Violetta Tomaszewicz1, Prof. der Gesundheit, Dr. hab. N. med. Jacek J. Klawe1/, Maria Chrzanowska2/
1/ Abteilung für Hygiene und Epidemiologie, Collegium Medicum der Nikolaus-Kopernikus-Universität in Bydgoszcz
2/ Afrodita Cosmetics in Toruń
Abstrakt
Weiblicher Haarausfall ist ein häufiges und belastendes Phänomen [1,2,4,6]. Ludwig verwendete den Begriff erstmals 1977, um diffusen Haarausfall bei Frauen zu beschreiben [1,4]. Im Jahr 2004 erweiterte die Forscherin Sinclair diese Definition und ergänzte, dass es sich um eine Abnahme der Haardichte im zentralen Bereich der Kopfhaut nach der Pubertät handelt [1,2,4]. Das Interesse an diesem Thema wächst aufgrund der Entwicklung der Trichologie in Polen. Haare sind ein wichtiges Element des Erscheinungsbildes und haben insbesondere für Frauen eine psychosoziale Bedeutung [15]. Daher gibt übermäßiger Haarausfall Anlass zur Sorge und trägt zur Suche nach wirksamen Behandlungsmethoden bei Dermatologen und Kosmetologen bei.
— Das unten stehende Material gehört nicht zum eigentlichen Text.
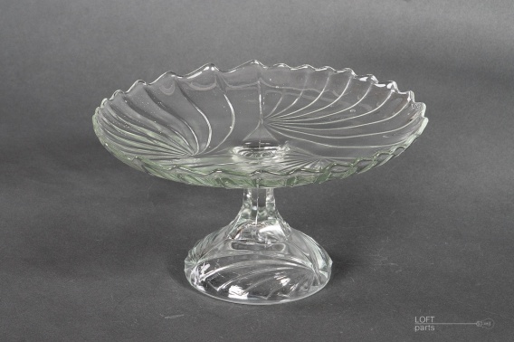 Bezbarwna patera/owocarka w stylu Art Deco wyprodukowana w Krośnieńskich Hutach Szkła. W katalogu huty nosi numer 400.

FPHL – Englisch Haarausfall nach weiblichem Muster, Sie ist durch eine diffuse Reduktion des Haarwachstums, insbesondere am Oberkopf [1,2,7,9], ohne Narbenbildung gekennzeichnet [9]. Weiblicher Haarausfall hat keine schwerwiegenden gesundheitlichen Folgen, kann aber mehr als die Hälfte aller Frauen über 50 betreffen [1,14]. Die Häufigkeit dieses Phänomens ist höher als ursprünglich angenommen, und der Haarausfall bei Frauen ist möglicherweise genauso häufig wie bei Männern. Allerdings ist ein deutlicher Anstieg der Fälle von weiblichem Haarausfall bei postmenopausalen Frauen zu beobachten [1,7,9,14]. Viele Frauen bemerken erste Anzeichen dieser Art von Haarausfall in ihren Fünfzigern [1,9,14].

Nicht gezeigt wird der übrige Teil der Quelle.